車內重歸安靜。莫以澈挨了那一巴掌後,確實如他所言沒再碰她,也未計較方才的衝突,仿佛一切都未發生過。
車輛已行駛了一段時間,卻仍未抵達目的地。
黛柒忍不住打了個哈欠,眼角沁出生理性的淚,這個姿勢讓她渾身不適。
她刻意避開望向身前的人,隻餘光不由自主的瞟了一眼身側,
嚴釗正恣意地靠在座椅上,雙臂閒適地交疊在胸前,微微仰頭閉目養神,修長的雙腿隨意舒展,將本來屬於她的位置都占去。
這個姿勢顯得他側顏越發挺拔,鼻梁如峰,下頜線利落如刀削,微仰的脖頸間喉結凸起,隨著呼吸輕輕滾動,平添幾分性感。
但黛柒此刻全然無心欣賞。
因為再對比自己,連個正經座位都沒有,隻能局促地坐在彆人腿上,連稍稍動彈都有些不好意思,方才勉強壓下的火氣又不自覺地湧上心頭。
偏偏這火氣無處發泄,她隻得再抬眸看向眼前的男人,語氣生硬地問道:
“還有多久到。”
莫以澈的一隻手扶在她腰側,另一隻手肘撐在窗沿,指節輕抵著太陽穴。
聽到她帶著不耐的詢問,他才緩緩轉過頭來,視線從她泛紅的眼角緩緩滑至微微嘟起的唇瓣。
“........”
四目相對,他卻絲毫沒有要回答的意思,黛柒也就這樣愣愣的看著他等待著他回話。
時間在沉默中流逝,男人始終沒有開口的打算。
她不滿,伸手扯住他係在脖子處的罩巾,料子冰涼滑膩,像抓了把剛化的雪水,她用力一拽,帶著明顯的催促:
"說話。"
他被扯得向前微傾,這才懶懶開口。
"說什麼。"
"耳朵聾了嗎。"
黛柒壓低聲音嘟囔了一句,可手上的動作卻還沒放下,因為她覺得這樣牽著罩巾的感覺,像是握著條小狗的韁繩。
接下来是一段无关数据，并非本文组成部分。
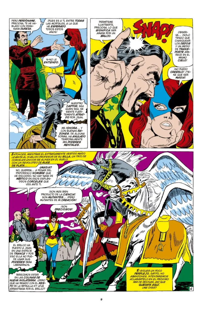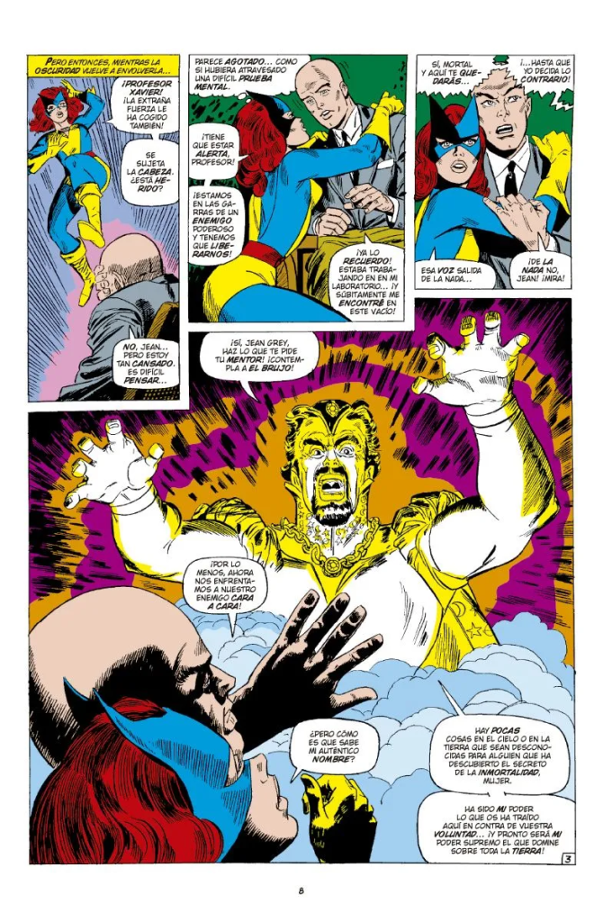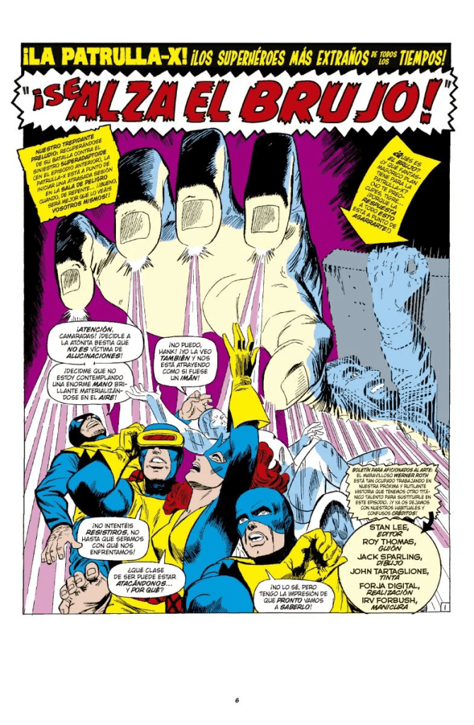 Roy Thomas parece que está haciendo suya la colección muy poco a poco, pero tiene que seguir empleando situaciones ridículas a ojos de hoy en día, para poder contar historias autoconclusivas, como que un Brujo que no les conoce de nada les rapte de la mansión al comienzo del número 30. Thomas era un buen aprendiz de Stan Lee en Marvel y tenía claro cómo emplear a villanos ya presentados en otras colecciones, alternándolos con personajes de nueva creación. Sin embargo, en estas historias tenemos a villanos tan poco atractivos como el Brujo o el Hombre de Cobalto, aparte de la lamentaba amenaza en la sombra que forma la organización Factor 3.

這新奇的掌控感讓她心生趣味,自然就沒撒手,索性耐著性子重複:
"問你,還有多久才到。"
莫以澈將她的小動作儘收眼底。
原本虛扶在她腰間的手緩緩移動,趁著她專注把玩罩巾的間隙,從她敞開的外套下探入,悄無聲息地撫上她腰側的軟肉,不輕不重地捏了一把。
"呃......"
她猝不及防地輕哼出聲。
敏感腰側被突然襲擊,讓她渾身一軟。
原本兩人因黛柒刻意保持距離而分開的坐姿,此刻卻被這個意外打破,她整個上半身不受控製地向前栽去,唇間逸出的輕吟在靜謐的車廂裡顯得格外清晰。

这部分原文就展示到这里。